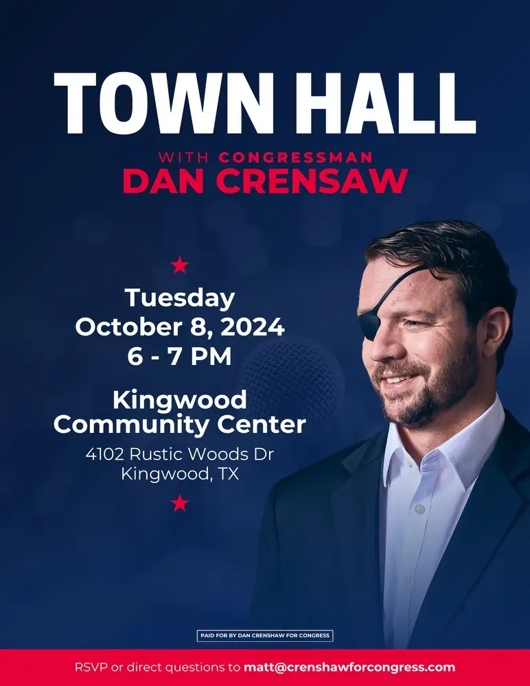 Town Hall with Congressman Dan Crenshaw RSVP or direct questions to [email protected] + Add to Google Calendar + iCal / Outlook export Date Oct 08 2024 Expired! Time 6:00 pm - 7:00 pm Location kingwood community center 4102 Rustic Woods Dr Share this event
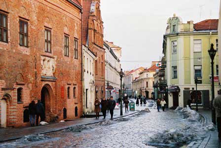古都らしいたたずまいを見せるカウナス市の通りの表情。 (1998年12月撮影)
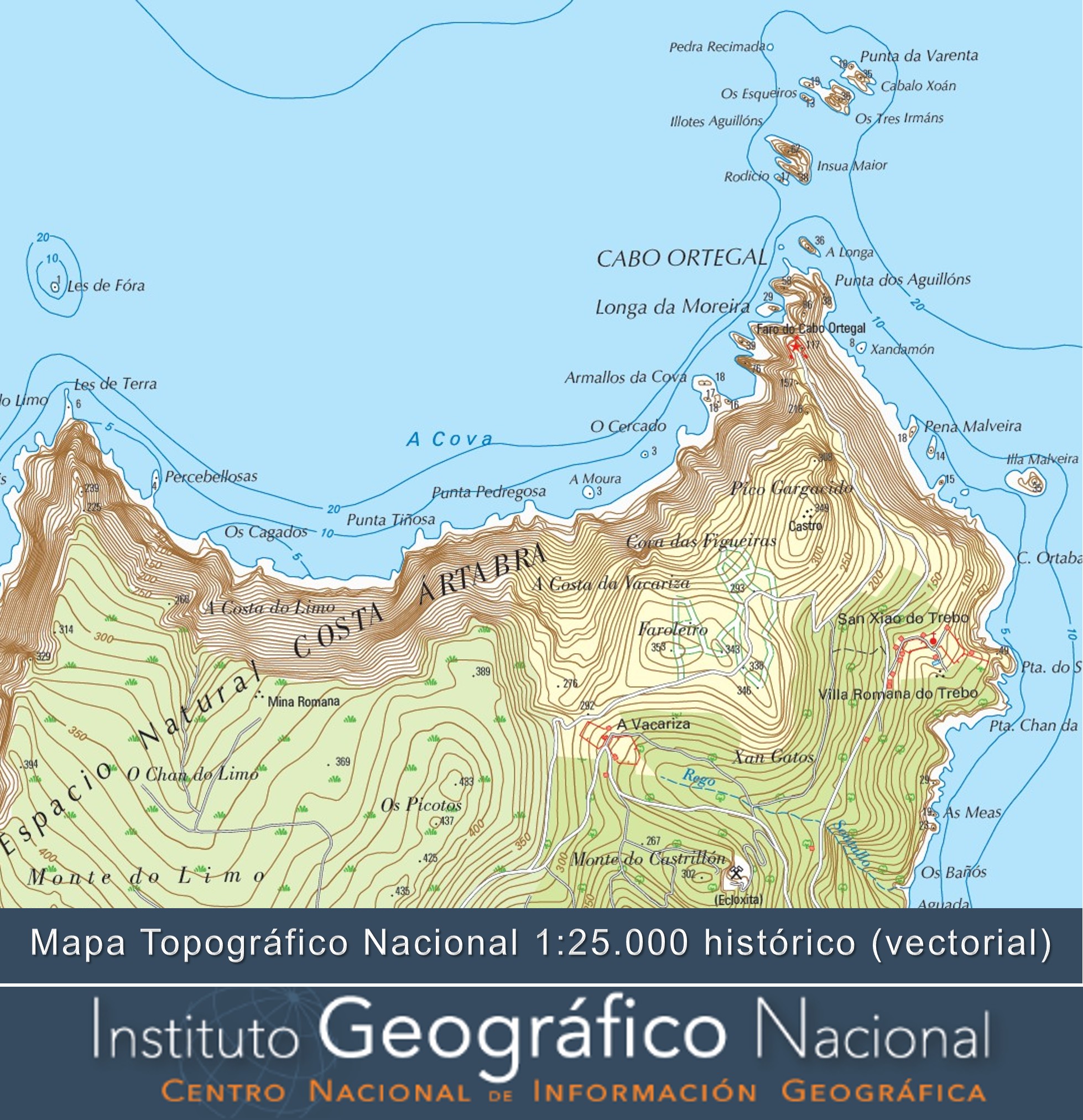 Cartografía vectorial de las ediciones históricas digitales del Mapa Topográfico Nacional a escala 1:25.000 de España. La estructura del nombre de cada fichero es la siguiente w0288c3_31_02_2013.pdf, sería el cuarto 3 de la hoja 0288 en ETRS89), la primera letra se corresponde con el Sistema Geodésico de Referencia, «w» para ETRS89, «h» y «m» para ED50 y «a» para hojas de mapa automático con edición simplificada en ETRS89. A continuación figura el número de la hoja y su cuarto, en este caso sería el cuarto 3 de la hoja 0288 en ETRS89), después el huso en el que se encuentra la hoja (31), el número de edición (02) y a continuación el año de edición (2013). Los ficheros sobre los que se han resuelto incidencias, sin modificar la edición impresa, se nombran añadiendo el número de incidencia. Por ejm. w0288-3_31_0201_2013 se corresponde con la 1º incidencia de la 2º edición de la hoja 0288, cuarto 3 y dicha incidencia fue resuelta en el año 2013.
● ● ● ● ●
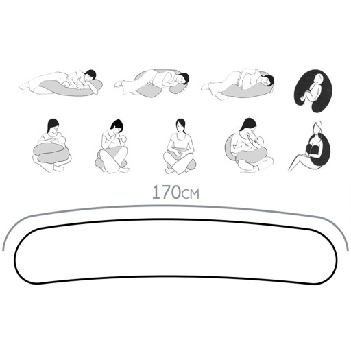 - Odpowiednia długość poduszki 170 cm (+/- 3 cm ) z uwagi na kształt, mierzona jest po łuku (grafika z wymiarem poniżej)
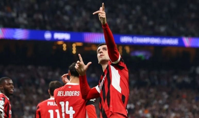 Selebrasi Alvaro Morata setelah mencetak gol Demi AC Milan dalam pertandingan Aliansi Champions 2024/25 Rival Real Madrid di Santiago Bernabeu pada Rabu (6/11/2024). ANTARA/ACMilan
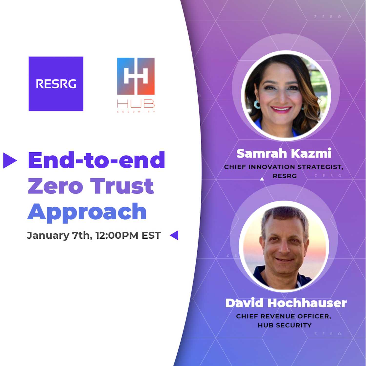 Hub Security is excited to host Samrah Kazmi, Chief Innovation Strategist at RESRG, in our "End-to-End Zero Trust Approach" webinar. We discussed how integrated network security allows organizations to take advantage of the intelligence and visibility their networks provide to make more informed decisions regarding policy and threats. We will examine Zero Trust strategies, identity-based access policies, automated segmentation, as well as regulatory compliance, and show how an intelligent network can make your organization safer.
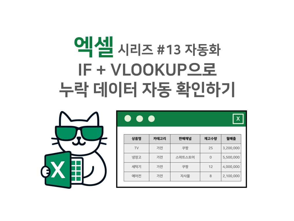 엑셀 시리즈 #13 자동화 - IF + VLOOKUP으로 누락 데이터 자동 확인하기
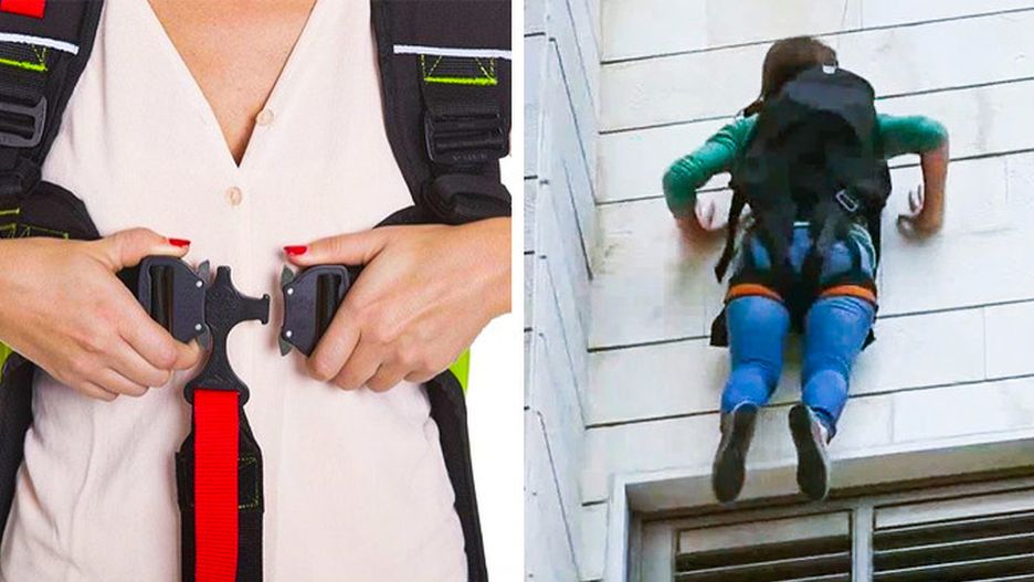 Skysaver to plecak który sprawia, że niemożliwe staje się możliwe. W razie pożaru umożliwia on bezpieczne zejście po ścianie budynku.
● ● ● ● ●
YOUR TASK
A verbatim reproduction is expected: starting at the line above that has "Selebrasi Alvaro Morata", ending at the line that has "Skysaver to plecak", both included, and with no pictures and no other lines.

YOUR SOLUTION
 Selebrasi Alvaro Morata setelah mencetak gol Demi AC Milan dalam pertandingan Aliansi Champions 2024/25 Rival Real Madrid di Santiago Bernabeu pada Rabu (6/11/2024). ANTARA/ACMilan
 Hub Security is excited to host Samrah Kazmi, Chief Innovation Strategist at RESRG, in our "End-to-End Zero Trust Approach" webinar. We discussed how integrated network security allows organizations to take advantage of the intelligence and visibility their networks provide to make more informed decisions regarding policy and threats. We will examine Zero Trust strategies, identity-based access policies, automated segmentation, as well as regulatory compliance, and show how an intelligent network can make your organization safer.
 엑셀 시리즈 #13 자동화 - IF + VLOOKUP으로 누락 데이터 자동 확인하기
 Skysaver to plecak który sprawia, że niemożliwe staje się możliwe. W razie pożaru umożliwia on bezpieczne zejście po ścianie budynku.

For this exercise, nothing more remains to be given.